The remaining four approaches entail constructing physical and hydraulic barriers around the slag to prevent metals from escaping into the environment, at a cost of between $94 million and $139 million. According to Department of Toxic Substances Control spokeswoman Charlotte Fadipe, a remedial action plan presenting the preferred alternative will be available by next summer, along with an environmental impact report assessing for the first time potential harm from the site on neighboring wetlands and aquatic habitats.

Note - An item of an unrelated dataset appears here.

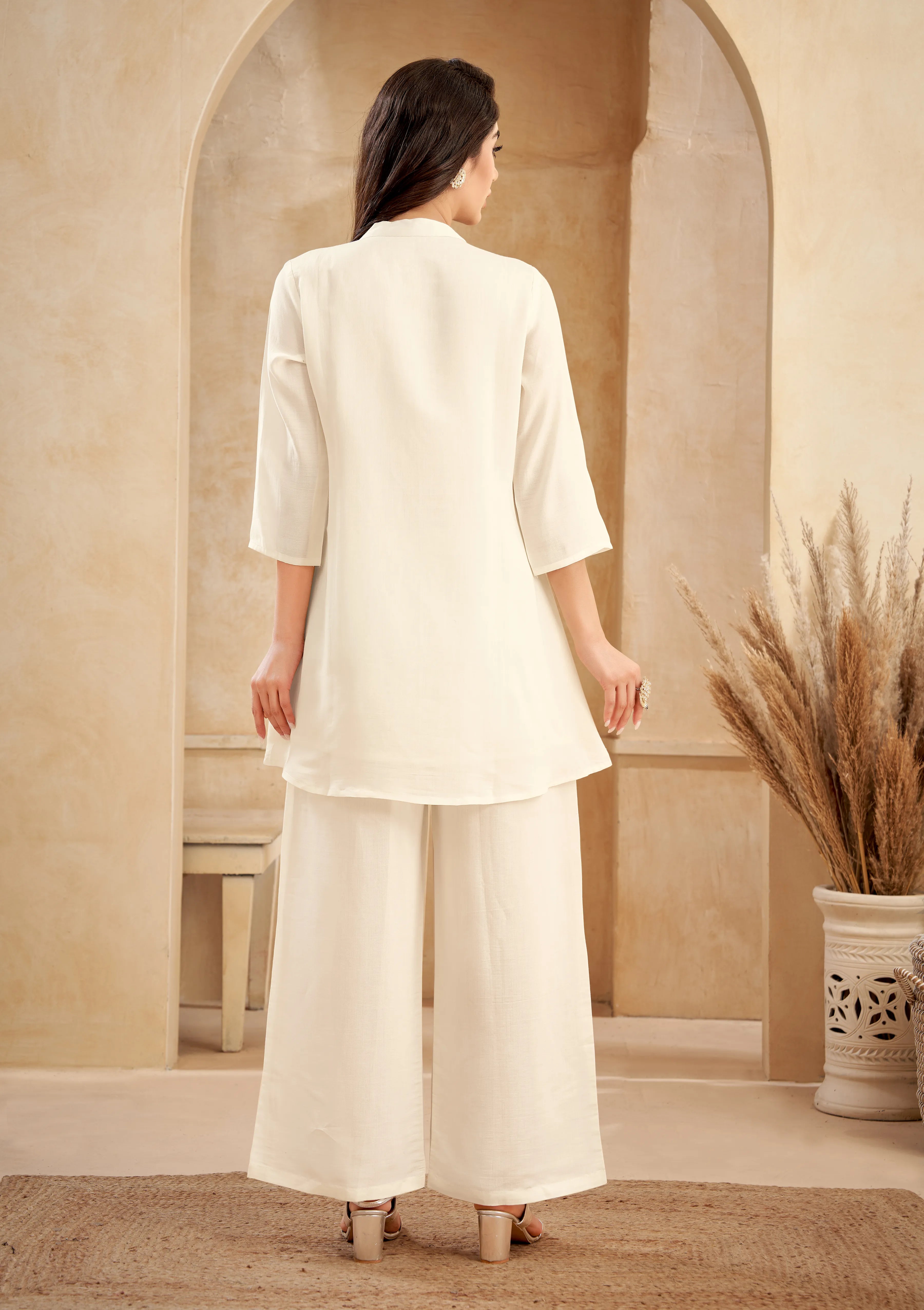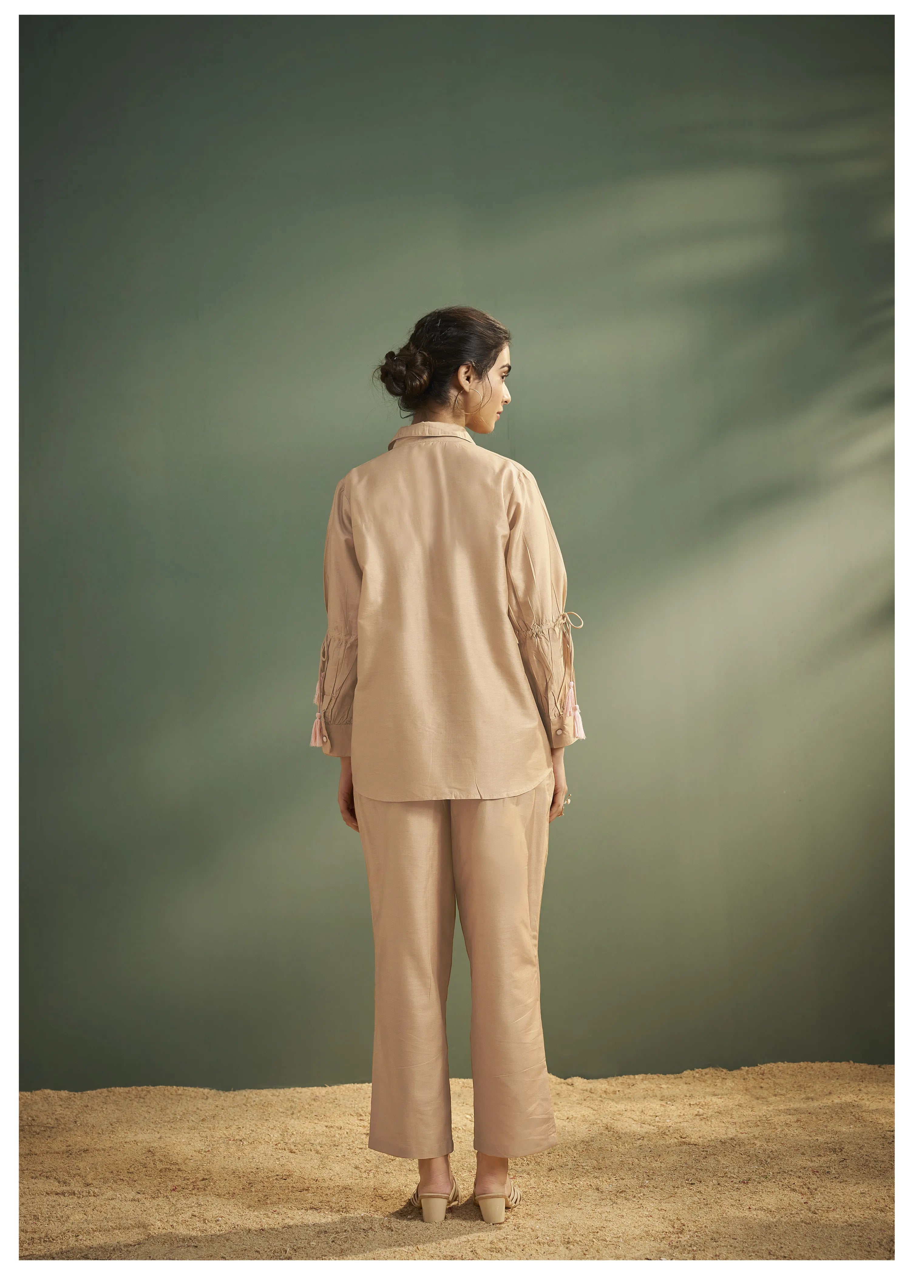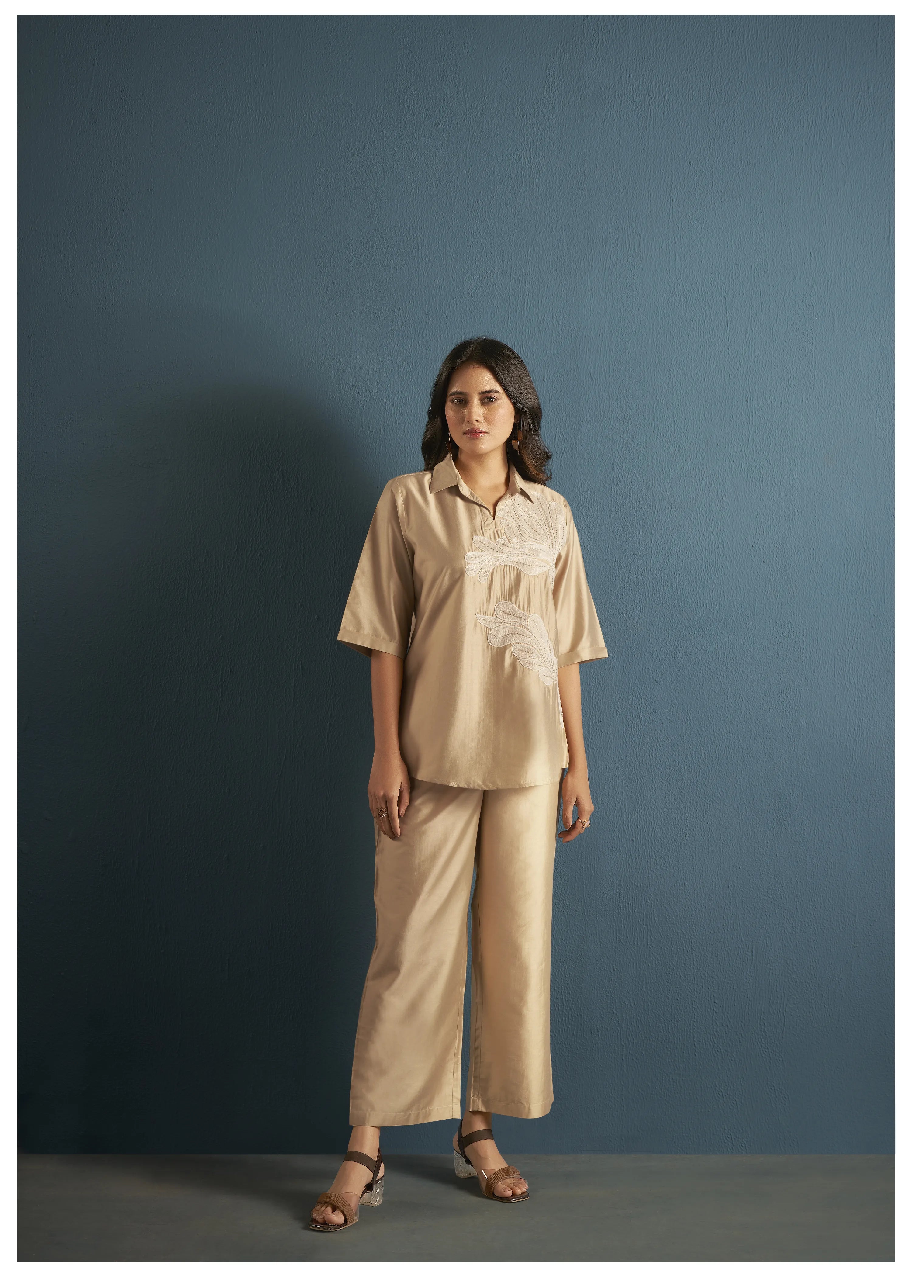 Beige Embroidery With Embellishments Collar Co-ord Set

Next, permits will have to be obtained from agencies including the Army Corps of Engineers, the California Water Quality Regional Control Board, and the Bay Conservation and Development Commission. Given the toxicity of the site and its location on (and in some cases beneath) the bay, permitting is likely to be a difficult process. At this stage, there’s no telling how long it’ll be before the actual work begins, which itself will take another three years. In the meantime, heavy metals from the slag deposit will continue their march into the bay.
“Some of these cleanups can take a very, very long time, just by their nature,” Fadipe said. This project poses a particular challenge due to its size and the volume of toxic materials present. “The Selby Slag Site is one on the largest sites in the Bay Area in terms of the anticipated scope and estimated cost of the cleanup,” she said.

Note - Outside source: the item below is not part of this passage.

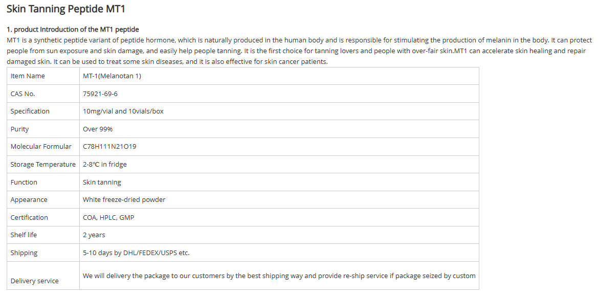 MT-1 works by mimicking the effects of a natural hormone in your body that stimulates melanin production. Melanotan 1 primarily increases the process of melanin production known as melanogenesis. It does this by binding to the melanocortin 1 receptor (MC1). This process reduces sun-damage to the skin exposed to ultraviolet rays and also creates beneficial effects on a broad range of skin-related illnesses.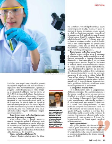 mo identificato. Un sulfolipide simile ad alcuni composti presenti in alghe marine, in grado di stimolare il sistema immunitario umano agendo su cellule che funzionano da master controllo nel riconoscimento delle molecole derivate da agenti infettivi esterni (PAMPS) o derivati da processi cellulari alterati (DAMPS). Sulfavant agisce stimolando in maniera controllata le cellule dendritiche, e altre cellule deputate alla presentazione dell’antigene, prima linea di difesa del sistema immunitario e responsabili del riconoscimento di agenti pericolosi per l’organismo». Perché questa molecola e non un’altra? «Perché questa sembra avere il vantaggio di sviluppare il suo ruolo senza indurre, o addirittura attenuando, la risposta infiammatoria abnormale e fuori controllo di cui sentiamo tanto parlare da un anno. In più ha dimostrato di avere un’attività immunomodulante. Sempre che venga confermato quanto osservato finora, agisce determinando il repertorio dei linfociti T ed indirizzando la qualità ed il tipo di risposta del sistema immunitario su cui sta lavorando soprattutto il mio amico e collega Raffale De Palma al San Martino di Genova. Tutte caratteristiche che fanno ben sperare sui suoi utilizzi: già nel 2017, la rivista Scientific Reports (Nature) ha pubblicato l’efficacia di Sulfavant in un modello sperimentale di melanoma». A che punto è il vostro studio? «Con il Sulfavant A siamo in fase preclinica. Abbiamo completato il meccanismo di azione e dovremmo completare entro un anno e mezzo gli ultimi step relativi a tossicologia, dosaggio e distribuzione della molecola. Ma il Sulfavant è solo una delle tante molecole che studiamo e di cui indaghiamo il meccanismo d’azione: sotto la nostra “lente di ingrandimento” ci sono molti altri composti funzionalmente simili che si differenziano per meccanismo d’azione. In questo il Progetto ADViSE si è rivelato fondamentale perché non solo ci ha permesso di avere un finanziamento adeguato ma ha anche consentito di creare un gruppo di lavoro che ha potuto affrontare diversi aspetti complessi ed interconnessi». Quali i potenziali usi? «Sia quelle, già dette, di adiuvanti in vaccini – inclusi quelli antitumorali – ma anche utilizzi terapeutici per malattie oncologiche e degenerative, soprattutto quelle connesse a infiammazione cronica o disregolazione del sistema immunitario». (C. D. M.) GdB | Aprile 2021

But that still doesn’t explain the three-decade remediation process, which began in the 1980s. Piros said he wasn’t sure why the actions taken in 1990 and 1991 weren’t designed to tackle the problem once and for all, instead of leaving the perimeter of the pile open to the environment for another quarter-century. “Compared to some of our other projects, this has definitely been a longer time frame,” he said.
Containment of the slag will be funded in roughly equal measure by three parties: former smelting plant operator ASARCO, which went bankrupt in 2005 but was required to set aside $39 million for remediation; current landowner CS Lands, a subsidiary of oil company Phillips 66; and the California Lands Commission.

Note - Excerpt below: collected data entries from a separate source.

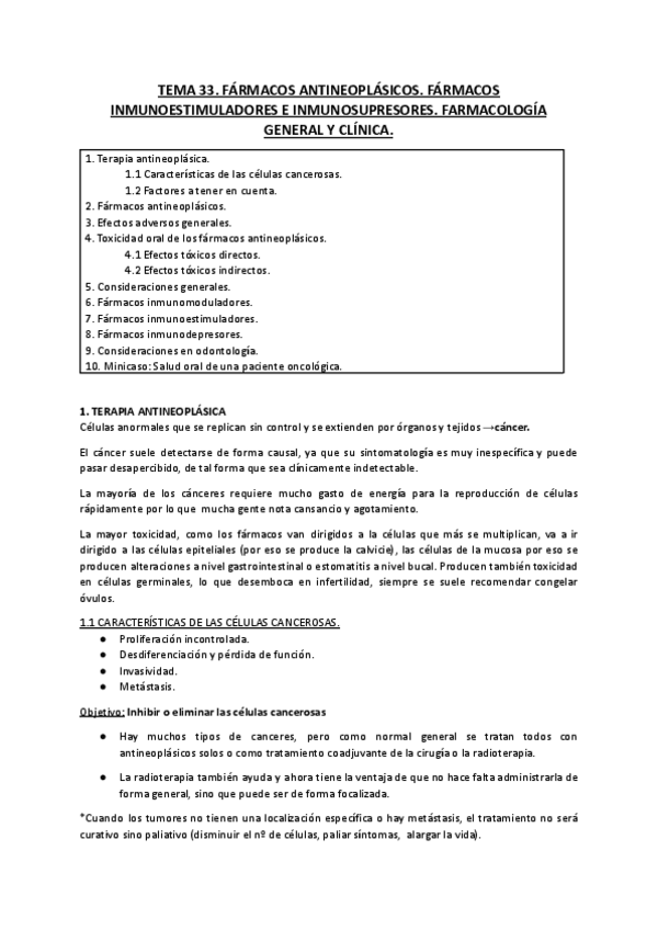 He publicado nuevos apuntes de 3º Farmacología General y Clínica: TEMA-33-Farmacos-antineoplasicos.-Farmacos-inmunoestimuladores-e-inmunosupresores.docx.pdf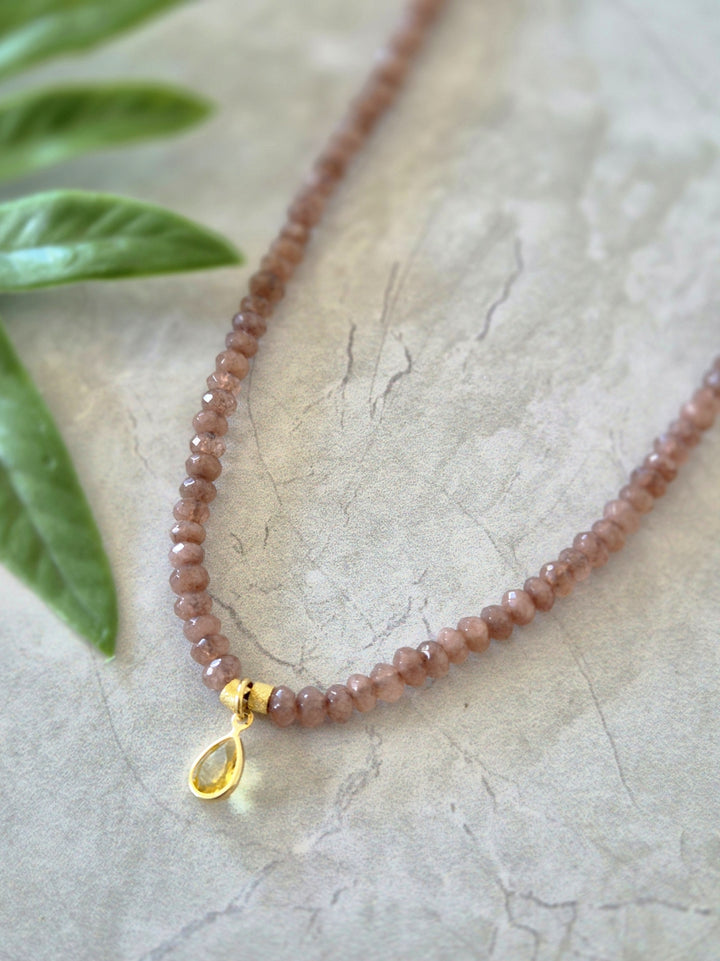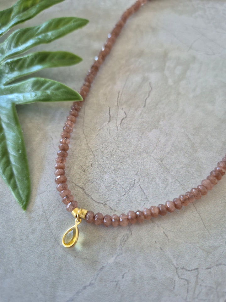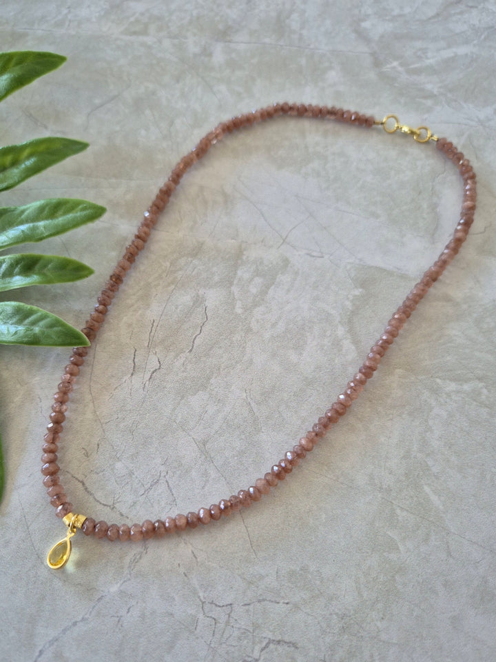 Este collar está hecho con pequeñas ágatas facetadas en tono café y un cristal dorado al centro que le da un contraste increíble. Mide 42 cm y tiene terminaciones bañadas en oro. Es corto, cómodo y perfecto para usar todos los días o darle un toque especial a un look simple.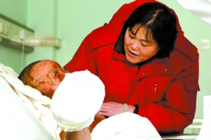 龍淑芳說(shuō),她找電話求助時(shí),聽到身后“噗”的一聲。她回頭看見丈夫身上燃起了大火,現(xiàn)場(chǎng)人員立即撲滅了火。龍淑芳和八旬的婆婆被人強(qiáng)制送上一輛面包車時(shí),席新柱還躺在大廳的地上,身上冒著煙氣。事后,席新柱被送往304醫(yī)院搶救。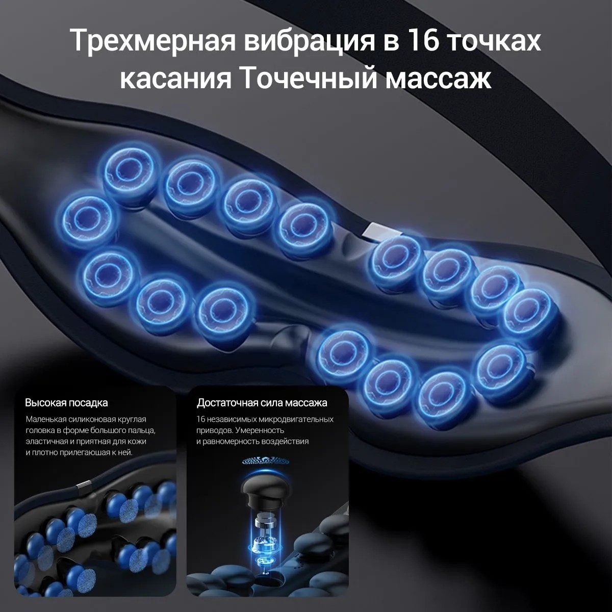 В основе Deerma DEM-M301E лежит уникальная система 3D-вибрации с 16 силиконовыми массажными головками, расположенными в стратегически важных зонах вокруг глаз. Каждая точка работает в гармонии с остальными, обеспечивая целенаправленное воздействие на биологически активные участки. Такой подход эффективно снимает напряжение, уменьшает отечность, стимулирует кровообращение и дарит ощущение глубокого расслабления после долгого дня.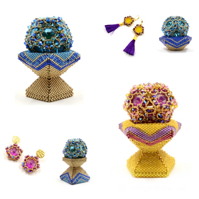 Combine geometric beadwork & crystals for a dazzling pendant/ ornament with a variety of unique stands.

The involvement of the commission, a steward of public lands, is an interesting footnote to the site’s history. In the late 1940s, the commission entered into a lease with ASARCO that allowed it to continue dumping slag into the bay. Project manager Dave Plummer, who has followed the slow progress of the smelting site cleanup since 2000, explained that at the time, filling the bay for development was viewed as a desirable practice: “Every low-lying area became a landfill of some sort.” Even the State Lands Commission, ostensibly charged with protecting natural resources, supported the destruction of the bay.
Some seventy years later, it’s legally bound to help clean up the mess. No matter which remediation plan is selected, however, the slag and its toxic metals will remain. Phillips 66 doesn’t yet have plans for the site, spokeswoman Janet Grothe said, but it’s unlikely that the risk of contamination will ever disappear.